That is what it is currently being sold for at Visual Apex, Projector People, etc. I got both of the numbers from pjcentral. However, I think the $3999 is incorrect. I believe the MSRP is supposed to be $2999 as that is what most sites show it as. The BenQ store is even selling it for $2499. 

Tempting but I think I'll wait until I know more about the display controls. It's nice to know whether or not it has full grayscale adjustment and full CMS controls. I'll never buy another display without them.


----------



## Mark Techer (Jan 17, 2008)

I want one because I want 3D and like DLP. But yeah, I want to see one before I buy blind.


----------



## mechman (Feb 8, 2007)

I added the PJCentral Review, Art's Review and the calculator to the first post. :T


----------



## mirageburbank (Feb 24, 2012)

I have the benq w5000 and it is starting to fade (left half is garbbled). I was thinking of upgrading to the w6000, but the 7000 might make more sense with the 3d. The 5000 was a great picture and I could never justify getting a new one.

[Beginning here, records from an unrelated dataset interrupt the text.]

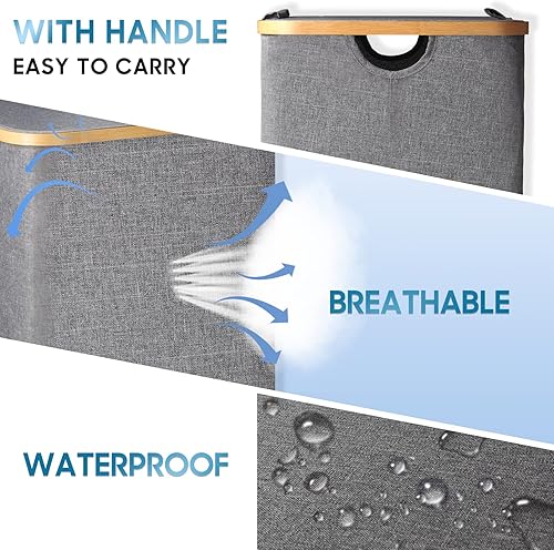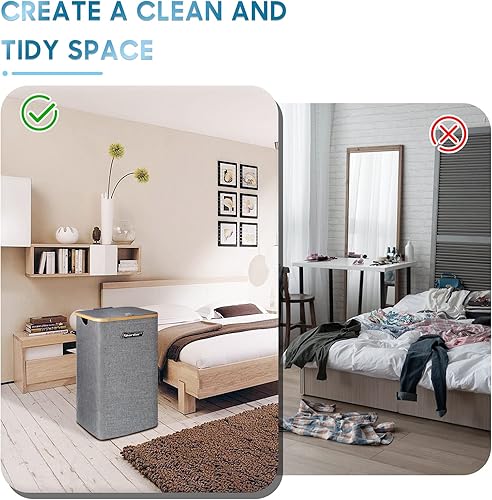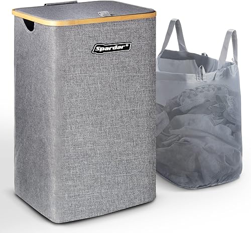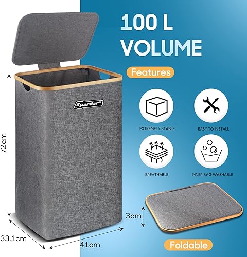 Spardar Paniere a Linge Sale, 100L Grand Panier a Linge Pliable avec Couvercle et Anses en Bambou, Bac a Linge Sale pour Chambre, Panier Linge avec Sac Intérieur
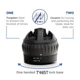 مجهز به دو تیغه سوئیسی برای تیز کردن چاقو های سرامیکی و استیل میباشد.
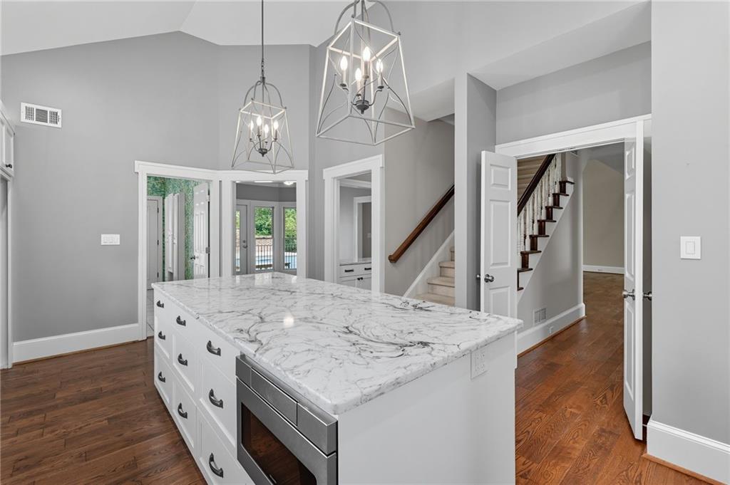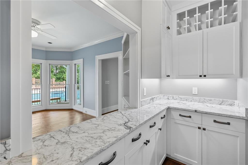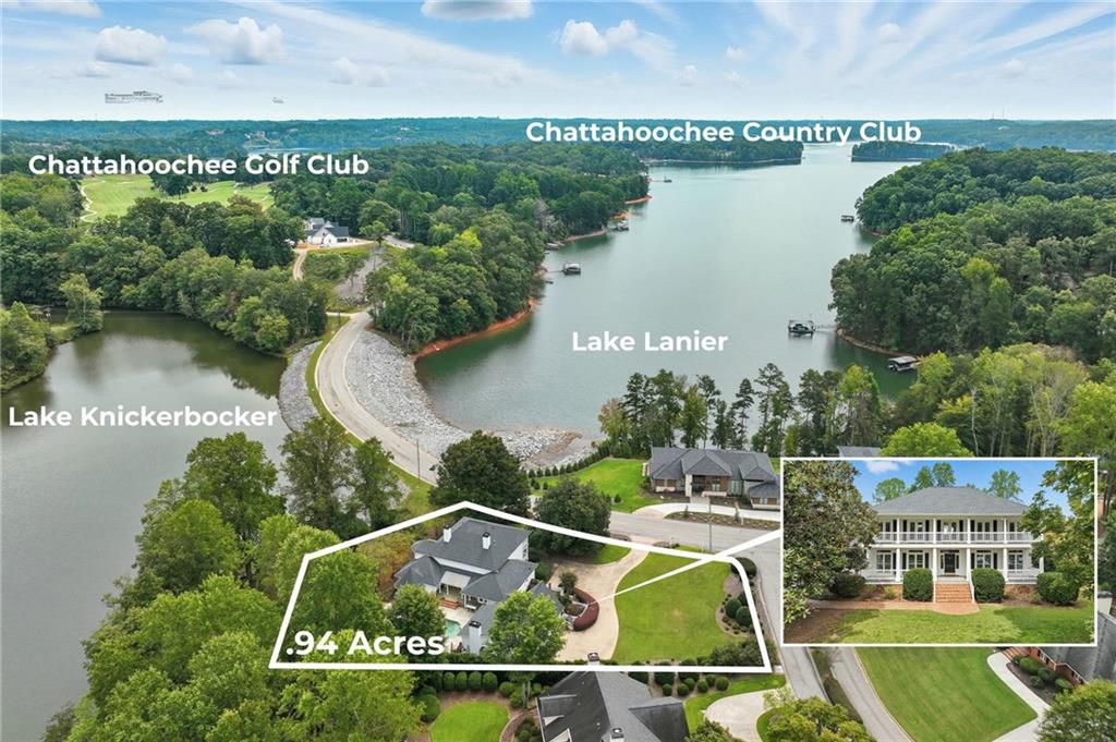 This location can't be beat- a beautiful corner lot with lake views from both Lanier and Knickerbocker! This home offers expansive living space with generous storage and space to truly unwind. A great house for entertaining including a large family room and dining room, study/office, breakfast room and walk in pantry. Beautifully renovated kitchen and butlers pantry by Tracy Tesmer in 2022. Other upgrades include: New Hardiplank siding 2019, New Roof 2019, Whole house generator 2021, HVAC replaced in 2017 (downstairs) and in 2022 (upstairs with zone unit added), New Hardwood floors on main level 2022 and more! Master on main offers fireplace, his/hers closets, a sewing room and spacious bathroom. Upstairs offers 3 generous bedrooms, 2 full baths, a reading nook/loft and a walk up attic. The garage apartment adds one more bedroom and full bath. There is also a pool house with a rec room and full bath. A true retreat offering countless ways to unwind- from poolside lounging to soaking up the lake views!
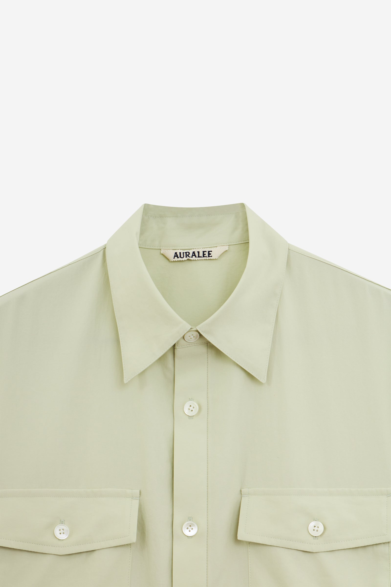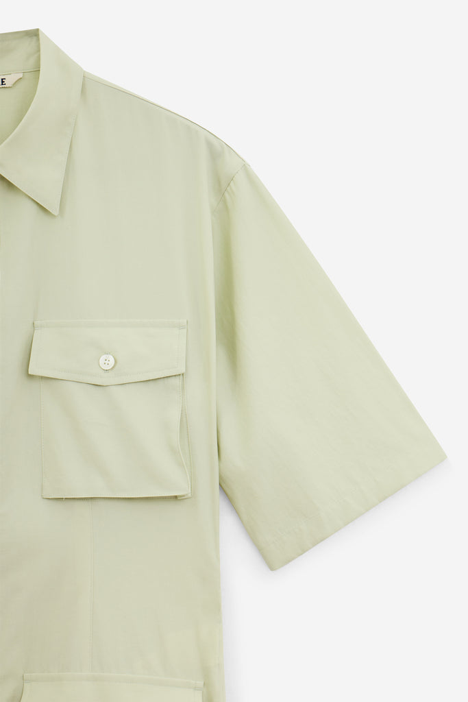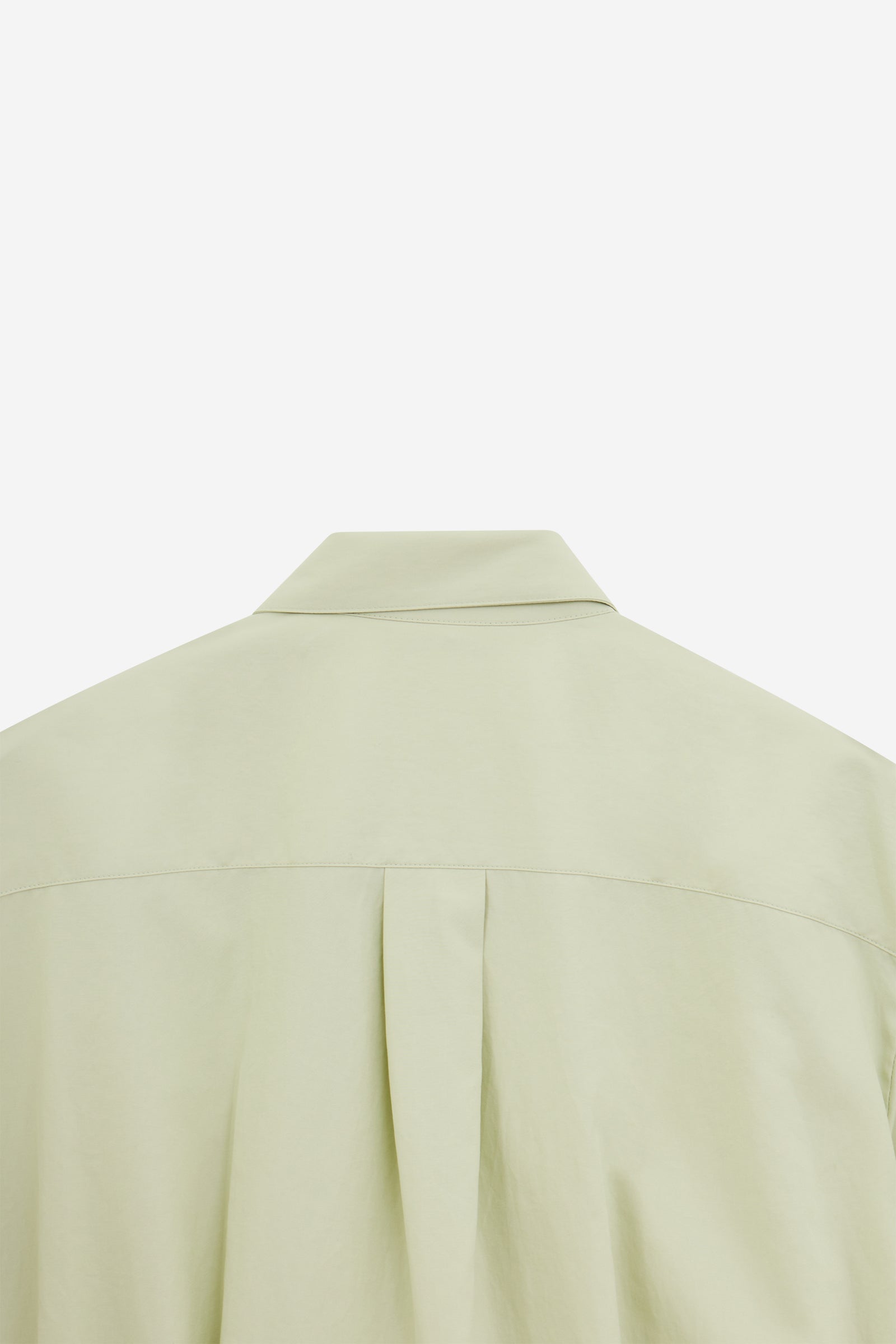 Abito WASHED FINX TWILL in Cotone Verde, colletto classico, maniche corte, tasche frontali, abbottonatura frontale
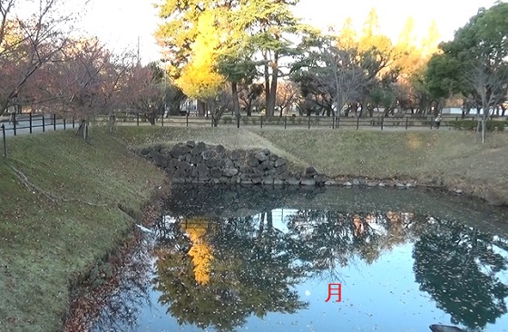 置。二の丸に水路があるのがおもしろい。水面に木や月が映って
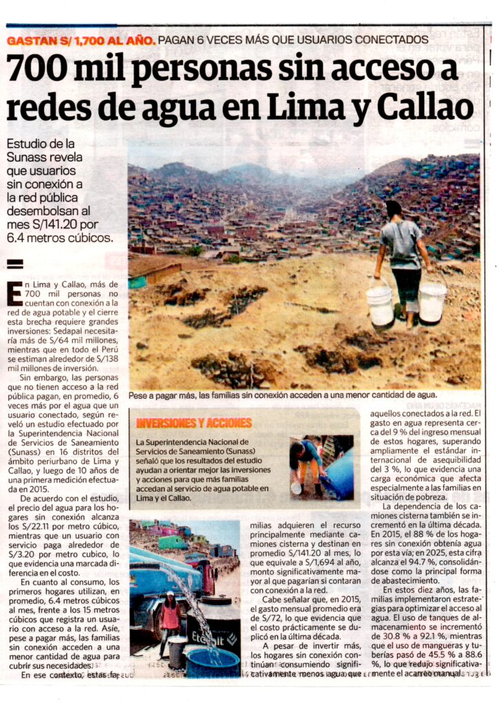 700 mil personas sin acceso a redes de agua en Lima y Callao
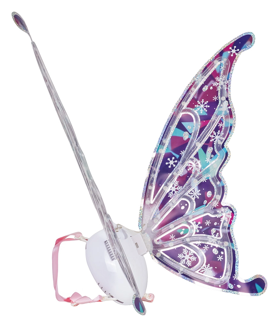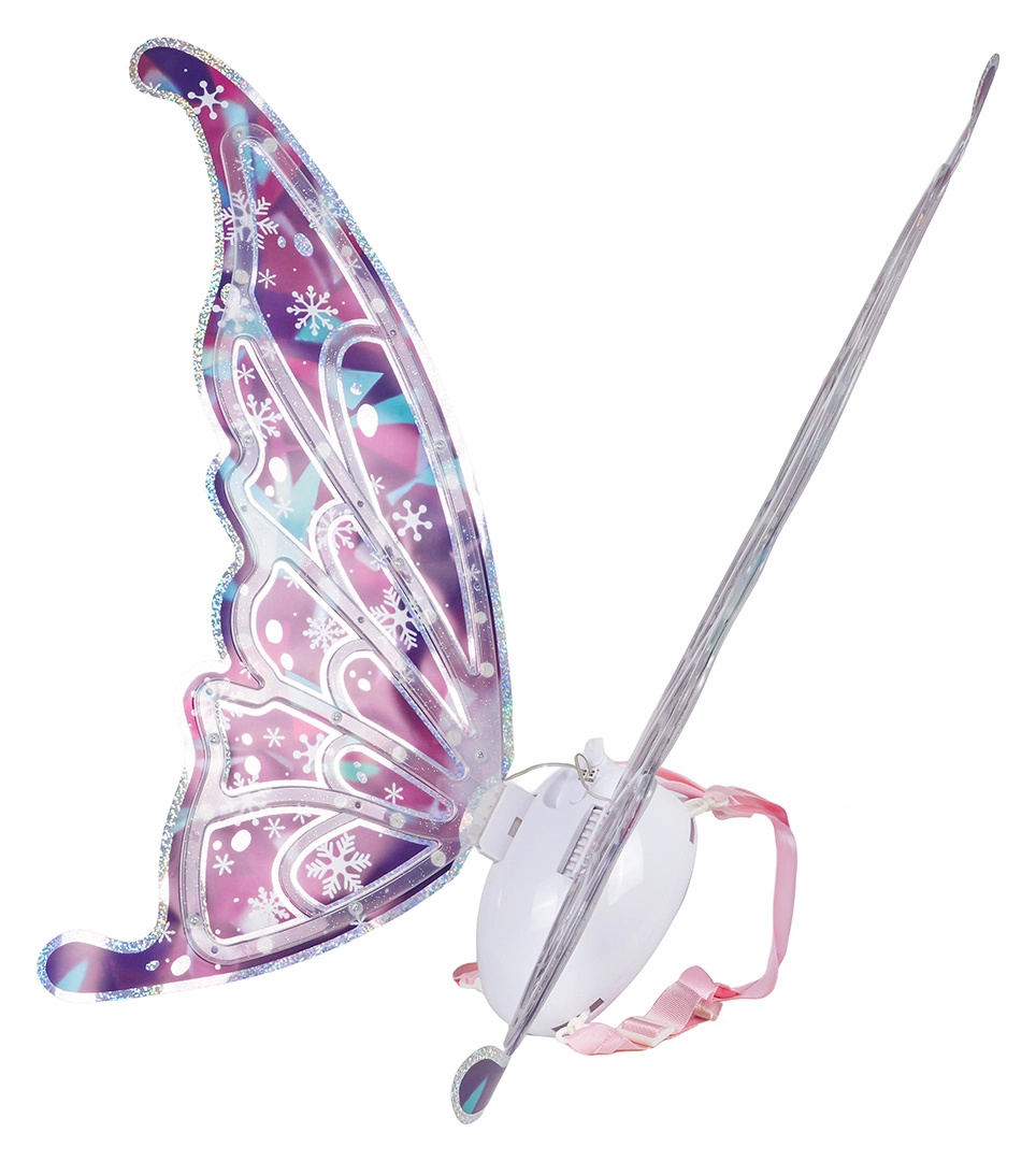 Zauberhafte Flügel verwandeln Ihr Kind im Handumdrehen in eine Fee oder einen Schmetterling. Die sorgfältige Verarbeitung und das sanft transparente Design mit glitzernden Motiven sorgen dafür, dass es ein Hingucker ist. Integrierte Lichteffekte, Klang und realistisches Flattern der Flügel schaffen einzigartigen, interaktiven Spielspaß.
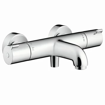 De Hansgrohe Thermostatische Badkraan MyFox Chroom 15 cm kenmerkt zich door zijn stijlvolle ontwerp en is daardoor een prachtige blikvanger in iedere badkamer. Dankzij de twee metalen handgrepen is de mengkraan eenvoudig en stabiel te bedienen en de watertemperatuur is gemakkelijk in te stellen. De thermostaat is zeer veilig dankzij de SafetyStop temperatuurbeveiliging op 40°C. De kans dat de gebruiker de temperatuurbegrenzing door de 40°C draait is met deze instelling kleiner, waardoor de kans op verbranding aan heet water minder groot wordt. Ook kan vooraf de maximale warm water temperatuur worden ingesteld met de Safetyfunctie en wordt de kraan niet heet aan de buitenkant. Extra veilig voor jong en oud! De kraan beschikt over een uitspoelbare vuilfilter waardoor hij optimaal beschermd blijft tegen vuil uit leidingen.
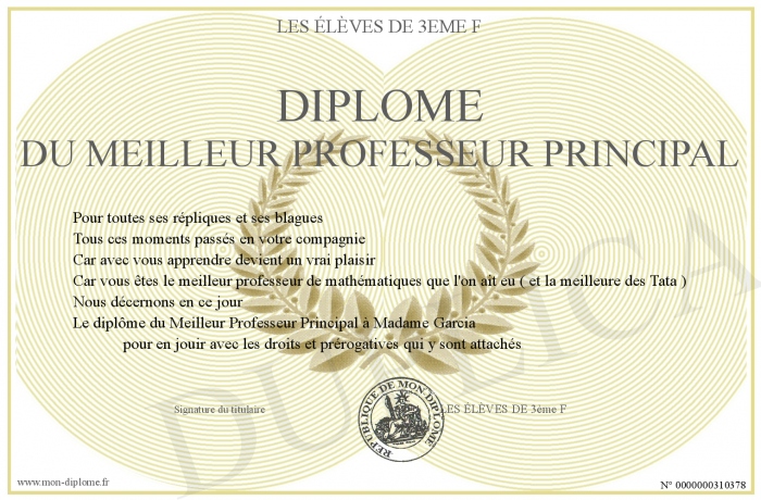 Envoyez par email votre Diplôme du meilleur professeur principal personalisé
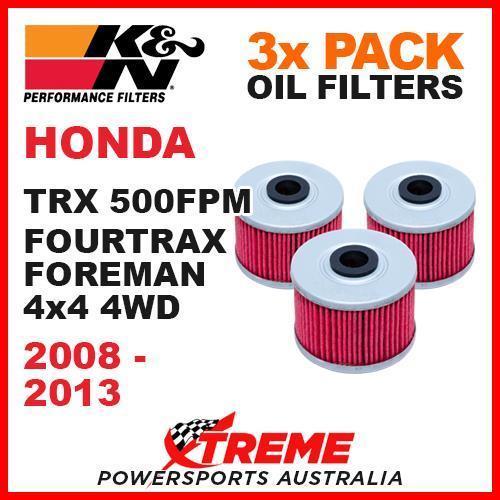3 PACK K&N OIL FILTERS HONDA TRX500FPM 500FPM FOURTRAX FOREMAN 2008-2013 KN 113 You are purchasing: 3 Pack K&N Oil Filters (KN- 113 ) K&N delivers a race-spec oil filter that is built with a high-efficiency media specifically designed to be compatible with the high concentrates of synthetic oils. The oversized media provides extra surface area to increase efficiency and lower restriction. The high flow rates and outstanding oil filtration keep your motor running clean and smooth. K&N Oil Filters deliver performance and confidence! Suits: HONDA TRX 500FPM 4x4 Fourtrax Foreman Years 2008-2013 Specifications: Premium synthetic blend media provides outstanding filtration at high flow rates. Specifically designed for use with today's synthetic and synthetic-blended oils. Traps 99% of harmful contaminants. To fit Honda TRX 500FPM Fourtrax Foreman 4x4 4WD 2008, 2009, 2010, 2011, 2012, 2013 models.

How much better was the 6 over the 5 in your opinion. There are some great deals on it right now.


----------



## mechman (Feb 8, 2007)

mirageburbank said:


> I have the benq w5000 and it is starting to fade (left half is garbbled). I was thinking of upgrading to the w6000, but the 7000 might make more sense with the 3d. The 5000 was a great picture and I could never justify getting a new one.
> 
> How much better was the 6 over the 5 in your opinion. There are some great deals on it right now.


The 6 was a bit brighter. I'm sure there may have been more but that's all I recall at the moment.


----------



## mirageburbank (Feb 24, 2012)

Thanks. That's nice because the 5000 is pretty bright. Of course I have a BW Carada screen and its only 96 inches. 

There are so many great projectors out there right now for under $3k.


----------